Susan Phillips: Yeah, drilling mud is a bentonite clay. If it spills into a stream or a wetland, it sort of smothers a lot of the tiny aquatic life, those little bugs that fish feed on. And so it has an impact throughout the food chain of a stream or a wetland.
RF: What has the DEP done as a result of all these spills into the waters of the Commonwealth? I mean, their mandate is to protect these streams.
JH: One of the three shutdowns that Mariner East has experienced since it’s been under construction was in January 2018, and that lasted for about a month. And when it was lifted, the DEP fined Sonoco. So DEP said that it would take a very rigorous approach to Sonoco’s repeated violations and it has done so.

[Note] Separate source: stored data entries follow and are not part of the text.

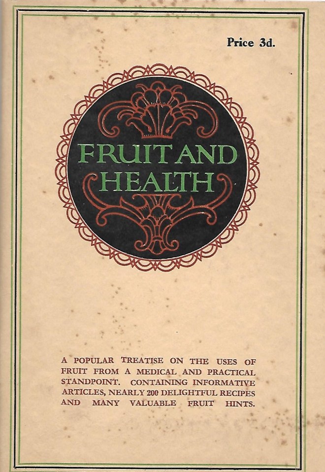 I’m really pleased with the little cookery booklets I bought for £1:50 each, and I’m just looking in ‘Fruit and Health’ by Haydn Brown and Sylvia Wayne (1st Class Triple Diplomée, National Training School of Cookery, London), published by the The Fruit Trades’ Federation in about 1924. Mr Brown wrote the health aspect of eating fruit, Ms Wayne the recipes. As with many cookery books of the period, and before, in the back are household hints, in this case with using fruit other than eating it. Sylvia gives some “Lemon-Aids” – the first three are lemons as a household necessity, lemons for the organs, and lemons for the complexion. There follows ‘More “Lemon-Aids”‘ –
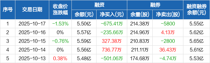 中远海发:融资净偿还675.41万元,融资余额5.5亿元(10-17)
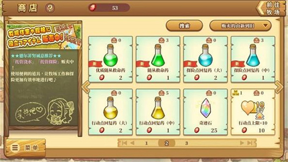 3、行动力与探险点:行动力和仓库问题一样让人头疼,总是不够用。游戏前期会发放不少恢复道具,到了后期掉落量就大幅减少,通常只有在完成特定任务或连续探索三个宝箱后才会获得;这些任务和宝箱给的一般都是加10点的小瓶,大瓶则需要去商店购买——虽然标价看似不贵,但实际消耗起来特别快,不推荐用石头兑换,石头最好还是攒着用来扩充仓库和解锁土地!
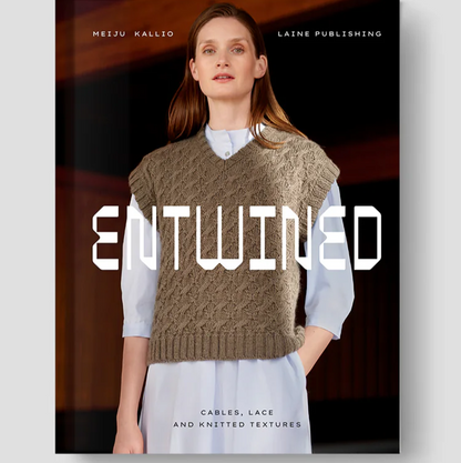 Entwined: Cables, Lace and Knitted Textures invites you to explore enchanting stitch patterns. This collection of 20 knitwear designs includes a range of garments and accessories — from elegant sweaters and cosy cardigans to beautiful hats and shawls. For this book, Meiju Kallio presents not only the intricate cables she is known for but also a variety of other textures, all crafted to suit a modern, versatile style. Meiju hopes that working on these designs brings you joy and a sense of accomplishment.
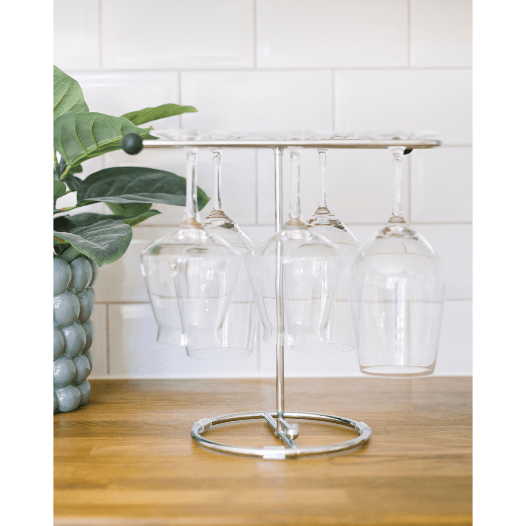 Tyra Trockenständer für Weingläser und Karaffen verchromt zum Lufttrocknen von bis zu 6 Gläsern oder einer oder mehreren Karaffen, je nach Größe. Geeignet für die Küche oder die Bar.Sehr preisgünstiger Geschirrständer für die meisten Gläser mit Stiel.Höhe: 30 cmBreite: 30 cm
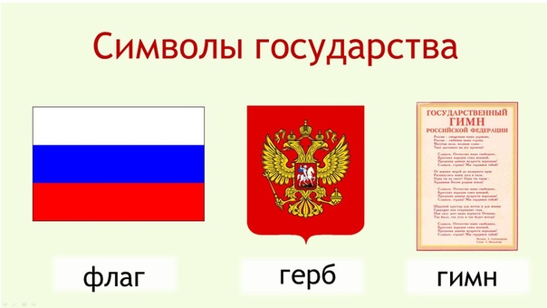 Создание проблемной ситуации | - Как называется государство, в котором мы все живем? (Россия). - Как мы называем страну, где мы родились? (Родина, отечество). - Посмотрите на слайд, что вы видите? (Флаг, герб, гимн). - Верно, ребята. - У любой страны есть три обязательных символа. По ним всегда можно узнать, о какой стране идет речь. Это – герб, флаг и гимн. |
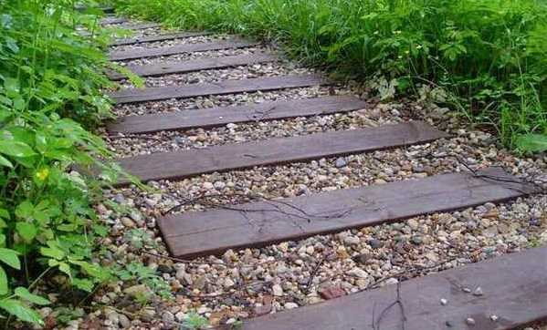 Деревянная дорожка на дачном участке своими руками кладется с использованием различной древесины:
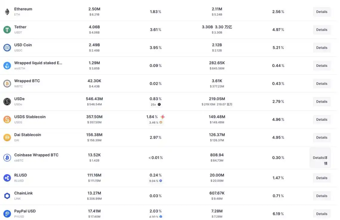 Aave 的各个借贷池情况(数据来源:https://app.aave.com/markets/)
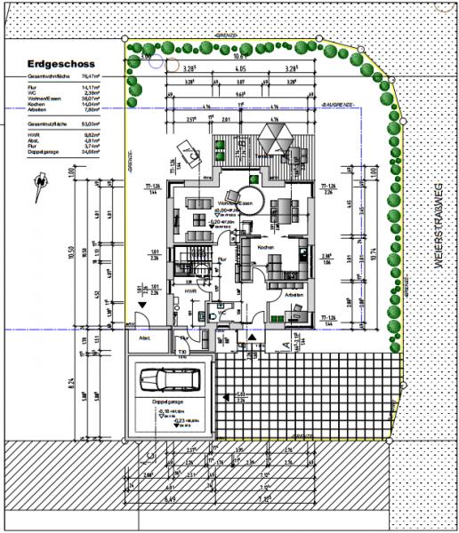 Haus 90 Grad drehen, den Flur zur Garage streichen, Garage 50cm breiter, das Haus 1m nach Norden schieben.
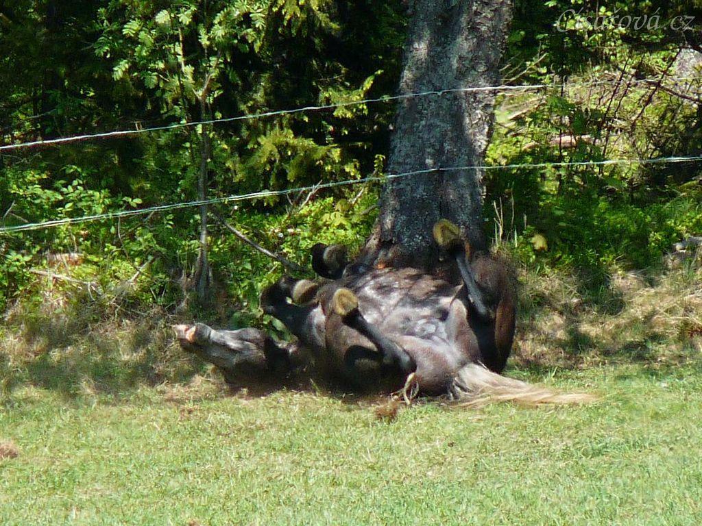 Čtyřletý Rybíz se spokojeně válí pod třešní
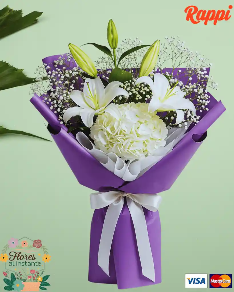 Un bouquet que irradia pureza y elegancia. Envuelto en un sofisticado papel coreano, este arreglo combina la majestuosidad de 2 lirios blancos con la delicadeza de 1 hortensia blanca. La gipsófila y las hojas de rusco le dan un toque extra de frescura y volumen, creando una composición armoniosa y llena de encanto.
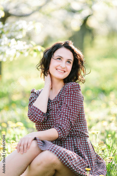weather, beauty, peace concept. there is a joyful woman who are enjoying her life, summer hot weather, beauty of nature, her beautiful face is illuminated with clear light of spring sun
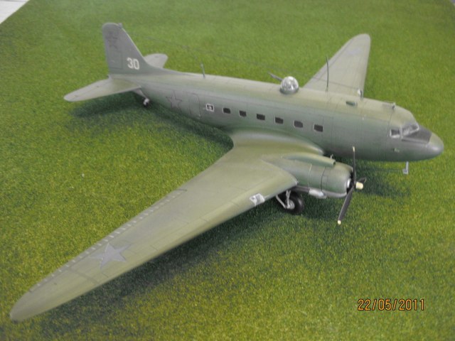 Вы абсолютно правы - это не полноценный Ли-2. Не та мотоустановка и не то шасси. Еще добавлю, что у Ли-2 - ночного бомбардировщика на месте "люка для негров" или проще говоря, люка в пилотской кабине по левому борту было остекление, а из носа торчал неподвижный пулемет. А в кабине штурмана имелись окошки, отсутствующие на Дугласе. Вызывают сомнение звезды на крыле сверху, да и сам камо, в войну он чаще был двуцветный. А собственно сборка и окраска - хороши.
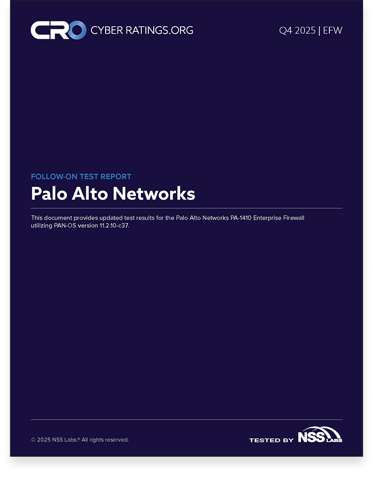 During the initial test of PAN-OS 11.2.8-c537, NSS Labs was able to bypass protection using Layer 3 IP and Layer 4 TCP evasions. Following receipt of test results published on November 5, 2025, Palo Alto Networks responded quickly to develop an updated PAN-OS firmware package (PAN-OS 11.2.10-c37) that NSS Labs then tested using the identical test methodology and tools employed in the original evaluation.
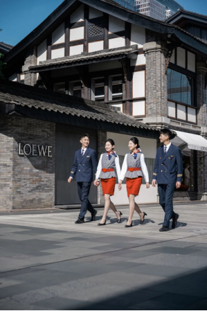 初夏的太古里,玻璃幕墙在阳光下泛着银灰色金属光泽,墙面上跳动着蓝紫色的光影。身着创意服饰的西航快闪队伍,一经登场,便引爆视觉焦点。
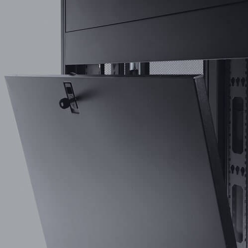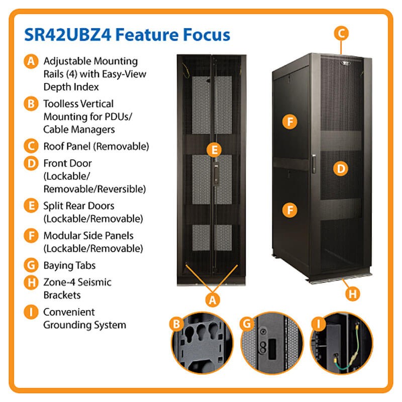 The SR42UBZ4 is designed to provide a safe, secure installation solution for mission-critical rackmount equipment. Its locking, reversible front and rear doors are perforated to promote efficient airflow, and locking, removable side panels. Locking doors and side panels prevent unauthorized access to installed equipment. The side panels are half size (two per side) for ease of removal and reinstallation. The front door is reversible and the split rear door design reduces clearance requirements for service access so the enclosure cabinet can be placed closer to a wall.
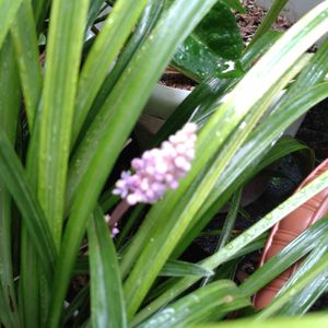 ヤブラン 細い葉の中から 細身の花をよく見ると 小粒のツボミが開いて 可愛いらしいです
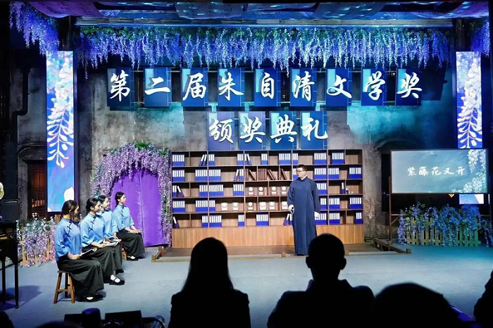 本次頒獎典禮以極具沉浸感的形式拉開序幕。隨著“各位客官,且入內——”的畫外音響起,百年前的大書場茶館場景仿佛重現,讓現場觀眾瞬間穿越時空,置身文學故事之中。行為表演《時光啊,你慢些走》勾勒出歲月流轉的詩意,引子《一堂課》則以情景再現的方式,還原了1922年朱自清先生在臨海執教時與學生探討新詩、暢談文學的場景。學生們對《毀滅》等詩作的好奇與追問,朱自清先生“一步步踏在泥土上,打上深深的腳印的深情吟誦,不僅展現先生與臨海的深厚情感,更傳遞出文學精神代代相傳的力量。
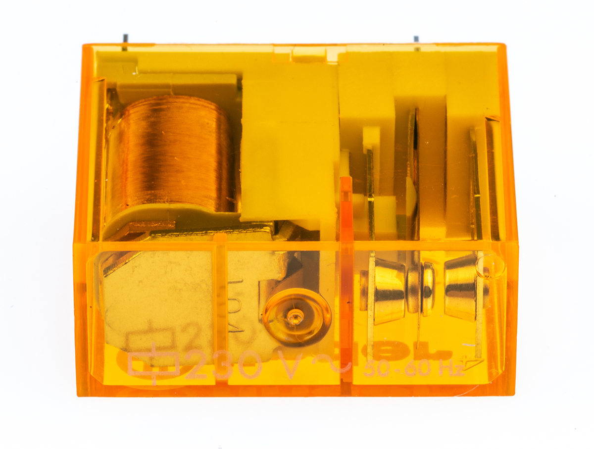 This is SPDT Non-Latching Relay PCB Mount 230V Coil 10 A manufactured by Finder. The manufacturer part number is 40.31.8.230.0000. It has a maximum operating temperature of +85°c. The product is available in pcb mount configuration. Robust coil power of 1.2w. The product 40 series, is a highly preferred choice for users. Latching Options - no. The coil voltage of the product is 230v ac. Its accurate length is 29mm. In addition, the height is 25mm. It is integrated with 10a switching current. Applications Information involves pcb. The product comes in 12.4mm depth. It has a maximum AC switching voltage of 400v ac. Whereas, the minimum operating temperature of the product is -40°c. It also features an AC switching power of 2.5 kva. The contact is equipped with spdt configuration. The product has 6kv isolation coil to contact. The product is made from sturdy silver alloy materials. It has equipped with 1 poles. The terminal is a through hole type. It holds up to 28000ω coil resistance.

RF: This has been very controversial in suburban Philadelphia where it’s being built. Why has there been so much resistance to this pipeline there?
JH: What I would say is that there’s a lot of awareness that the pipeline is going through a very densely populated area–the western suburbs of Philly. And critics of this project say that it’s outrageous that a pipeline carrying these highly explosive natural gas liquids should have been routed through such a densely populated area in the first place. That’s really what’s motivated a lot of people.
SP: The fracking boom has come to the Philadelphia suburbs and they’re not happy about it.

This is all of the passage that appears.